Data extracts:

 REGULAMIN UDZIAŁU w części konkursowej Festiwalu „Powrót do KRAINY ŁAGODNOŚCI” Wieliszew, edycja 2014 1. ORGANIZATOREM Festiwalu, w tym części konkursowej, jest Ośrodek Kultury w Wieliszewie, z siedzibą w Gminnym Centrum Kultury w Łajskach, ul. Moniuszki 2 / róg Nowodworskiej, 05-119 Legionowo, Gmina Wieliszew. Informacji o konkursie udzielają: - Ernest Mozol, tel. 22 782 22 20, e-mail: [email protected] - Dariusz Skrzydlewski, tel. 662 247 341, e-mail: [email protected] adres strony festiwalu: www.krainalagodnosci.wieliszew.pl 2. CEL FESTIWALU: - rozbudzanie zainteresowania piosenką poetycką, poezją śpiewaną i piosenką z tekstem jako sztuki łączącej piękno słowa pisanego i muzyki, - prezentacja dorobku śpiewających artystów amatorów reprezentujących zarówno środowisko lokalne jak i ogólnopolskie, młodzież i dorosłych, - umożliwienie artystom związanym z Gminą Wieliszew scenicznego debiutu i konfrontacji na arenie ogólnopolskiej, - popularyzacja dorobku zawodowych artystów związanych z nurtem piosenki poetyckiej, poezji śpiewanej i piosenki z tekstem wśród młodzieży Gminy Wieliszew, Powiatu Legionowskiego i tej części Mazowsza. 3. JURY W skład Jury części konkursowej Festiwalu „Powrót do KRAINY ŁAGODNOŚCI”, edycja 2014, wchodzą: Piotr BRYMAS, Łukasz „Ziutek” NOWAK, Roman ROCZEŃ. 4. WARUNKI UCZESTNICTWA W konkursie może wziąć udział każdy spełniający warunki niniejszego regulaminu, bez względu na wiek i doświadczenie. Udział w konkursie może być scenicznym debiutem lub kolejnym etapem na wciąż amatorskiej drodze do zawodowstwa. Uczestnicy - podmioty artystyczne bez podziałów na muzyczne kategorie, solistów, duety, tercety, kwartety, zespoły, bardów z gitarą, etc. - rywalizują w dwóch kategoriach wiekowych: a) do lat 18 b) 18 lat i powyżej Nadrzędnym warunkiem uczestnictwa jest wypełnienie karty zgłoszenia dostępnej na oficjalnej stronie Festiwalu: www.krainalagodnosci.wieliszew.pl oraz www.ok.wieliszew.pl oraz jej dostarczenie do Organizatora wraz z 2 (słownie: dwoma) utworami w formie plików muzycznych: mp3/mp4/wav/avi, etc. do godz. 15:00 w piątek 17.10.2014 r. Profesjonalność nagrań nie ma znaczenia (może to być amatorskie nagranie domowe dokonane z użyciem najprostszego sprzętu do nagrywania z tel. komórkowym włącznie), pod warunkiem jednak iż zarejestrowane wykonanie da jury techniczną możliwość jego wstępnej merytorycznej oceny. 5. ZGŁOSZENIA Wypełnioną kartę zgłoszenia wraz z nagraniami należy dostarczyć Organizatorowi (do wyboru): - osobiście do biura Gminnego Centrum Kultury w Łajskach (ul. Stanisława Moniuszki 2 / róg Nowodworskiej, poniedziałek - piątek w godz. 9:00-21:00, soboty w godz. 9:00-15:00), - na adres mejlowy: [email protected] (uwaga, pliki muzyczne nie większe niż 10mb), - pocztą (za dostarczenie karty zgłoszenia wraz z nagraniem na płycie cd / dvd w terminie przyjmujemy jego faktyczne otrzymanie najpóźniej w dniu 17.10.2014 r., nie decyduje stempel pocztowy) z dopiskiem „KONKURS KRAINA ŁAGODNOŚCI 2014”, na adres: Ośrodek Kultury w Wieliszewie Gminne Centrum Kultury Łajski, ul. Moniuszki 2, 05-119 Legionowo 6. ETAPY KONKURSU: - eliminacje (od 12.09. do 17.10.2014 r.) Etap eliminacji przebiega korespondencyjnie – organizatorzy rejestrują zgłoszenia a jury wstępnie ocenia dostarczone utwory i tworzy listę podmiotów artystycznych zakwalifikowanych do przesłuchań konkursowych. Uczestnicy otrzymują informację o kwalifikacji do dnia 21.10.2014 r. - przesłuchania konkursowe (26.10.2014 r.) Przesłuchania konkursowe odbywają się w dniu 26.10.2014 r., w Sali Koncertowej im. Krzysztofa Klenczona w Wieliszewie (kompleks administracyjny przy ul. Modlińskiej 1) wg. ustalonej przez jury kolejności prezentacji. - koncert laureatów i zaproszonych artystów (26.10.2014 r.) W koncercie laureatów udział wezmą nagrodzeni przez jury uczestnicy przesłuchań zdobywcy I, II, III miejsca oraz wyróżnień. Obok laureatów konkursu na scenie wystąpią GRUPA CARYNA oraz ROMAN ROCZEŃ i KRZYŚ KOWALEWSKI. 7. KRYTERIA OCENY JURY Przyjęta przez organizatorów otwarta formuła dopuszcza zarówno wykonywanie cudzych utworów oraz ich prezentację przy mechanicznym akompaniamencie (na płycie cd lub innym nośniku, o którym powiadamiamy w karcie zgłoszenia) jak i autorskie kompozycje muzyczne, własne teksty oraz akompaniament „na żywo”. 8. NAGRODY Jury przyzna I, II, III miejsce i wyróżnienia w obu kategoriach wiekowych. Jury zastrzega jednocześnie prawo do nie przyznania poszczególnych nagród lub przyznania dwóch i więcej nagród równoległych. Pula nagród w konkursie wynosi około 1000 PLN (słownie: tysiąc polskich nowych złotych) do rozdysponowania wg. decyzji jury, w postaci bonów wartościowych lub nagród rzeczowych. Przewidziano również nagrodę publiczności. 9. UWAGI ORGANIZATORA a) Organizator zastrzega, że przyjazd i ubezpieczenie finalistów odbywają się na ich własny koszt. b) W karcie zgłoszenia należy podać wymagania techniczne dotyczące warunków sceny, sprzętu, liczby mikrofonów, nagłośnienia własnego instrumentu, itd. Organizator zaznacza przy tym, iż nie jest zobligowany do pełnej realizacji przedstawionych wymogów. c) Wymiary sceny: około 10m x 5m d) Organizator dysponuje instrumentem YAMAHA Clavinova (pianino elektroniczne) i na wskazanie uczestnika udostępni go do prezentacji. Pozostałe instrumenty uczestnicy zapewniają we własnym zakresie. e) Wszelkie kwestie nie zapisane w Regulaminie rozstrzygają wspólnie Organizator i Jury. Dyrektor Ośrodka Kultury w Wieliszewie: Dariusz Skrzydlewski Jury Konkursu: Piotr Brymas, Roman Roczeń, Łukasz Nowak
* * *
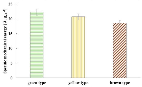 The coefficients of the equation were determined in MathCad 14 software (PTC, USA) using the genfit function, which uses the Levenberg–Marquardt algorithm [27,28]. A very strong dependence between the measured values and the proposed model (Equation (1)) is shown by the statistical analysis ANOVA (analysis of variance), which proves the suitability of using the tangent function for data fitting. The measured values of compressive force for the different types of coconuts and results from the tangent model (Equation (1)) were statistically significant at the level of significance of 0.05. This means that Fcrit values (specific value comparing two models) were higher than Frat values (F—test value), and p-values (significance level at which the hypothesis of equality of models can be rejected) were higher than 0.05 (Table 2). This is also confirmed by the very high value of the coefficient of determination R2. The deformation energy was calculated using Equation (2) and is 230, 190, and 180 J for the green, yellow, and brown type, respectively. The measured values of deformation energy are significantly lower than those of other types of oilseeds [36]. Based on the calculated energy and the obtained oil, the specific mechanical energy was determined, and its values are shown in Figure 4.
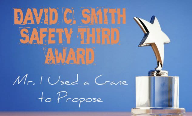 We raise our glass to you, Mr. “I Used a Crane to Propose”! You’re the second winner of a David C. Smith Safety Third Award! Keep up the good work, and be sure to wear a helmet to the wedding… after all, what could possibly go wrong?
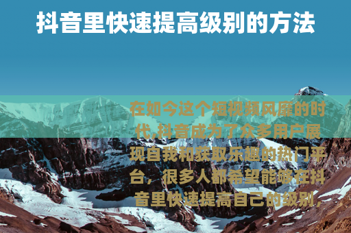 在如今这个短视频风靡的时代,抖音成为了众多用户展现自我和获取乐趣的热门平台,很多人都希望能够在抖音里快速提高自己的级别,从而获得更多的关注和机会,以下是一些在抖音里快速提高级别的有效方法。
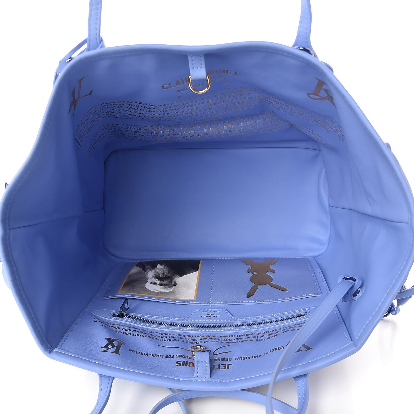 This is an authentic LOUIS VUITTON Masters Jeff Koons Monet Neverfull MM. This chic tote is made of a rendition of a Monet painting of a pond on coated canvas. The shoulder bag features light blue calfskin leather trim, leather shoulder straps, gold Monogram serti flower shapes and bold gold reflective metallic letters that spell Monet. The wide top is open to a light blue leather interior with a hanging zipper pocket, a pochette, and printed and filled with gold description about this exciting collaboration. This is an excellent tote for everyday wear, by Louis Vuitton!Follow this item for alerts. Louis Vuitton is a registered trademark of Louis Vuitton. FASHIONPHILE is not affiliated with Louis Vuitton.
...
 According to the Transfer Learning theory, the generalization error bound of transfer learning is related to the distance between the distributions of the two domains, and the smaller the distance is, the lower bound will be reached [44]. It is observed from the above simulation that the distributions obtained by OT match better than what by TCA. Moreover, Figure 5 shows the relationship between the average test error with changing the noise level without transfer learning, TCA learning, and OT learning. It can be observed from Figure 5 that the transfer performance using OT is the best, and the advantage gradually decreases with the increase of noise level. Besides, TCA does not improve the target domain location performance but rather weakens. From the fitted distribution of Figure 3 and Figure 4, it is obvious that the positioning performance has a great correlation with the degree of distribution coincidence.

Task directions:
Given the entries above, transcribe exactly the lines from the one holding "We raise our" through the one holding "This is an authentic"; pictures do not belong in the transcription.

Result of this exercise:
 We raise our glass to you, Mr. “I Used a Crane to Propose”! You’re the second winner of a David C. Smith Safety Third Award! Keep up the good work, and be sure to wear a helmet to the wedding… after all, what could possibly go wrong?
 在如今这个短视频风靡的时代,抖音成为了众多用户展现自我和获取乐趣的热门平台,很多人都希望能够在抖音里快速提高自己的级别,从而获得更多的关注和机会,以下是一些在抖音里快速提高级别的有效方法。
 This is an authentic LOUIS VUITTON Masters Jeff Koons Monet Neverfull MM. This chic tote is made of a rendition of a Monet painting of a pond on coated canvas. The shoulder bag features light blue calfskin leather trim, leather shoulder straps, gold Monogram serti flower shapes and bold gold reflective metallic letters that spell Monet. The wide top is open to a light blue leather interior with a hanging zipper pocket, a pochette, and printed and filled with gold description about this exciting collaboration. This is an excellent tote for everyday wear, by Louis Vuitton!Follow this item for alerts. Louis Vuitton is a registered trademark of Louis Vuitton. FASHIONPHILE is not affiliated with Louis Vuitton.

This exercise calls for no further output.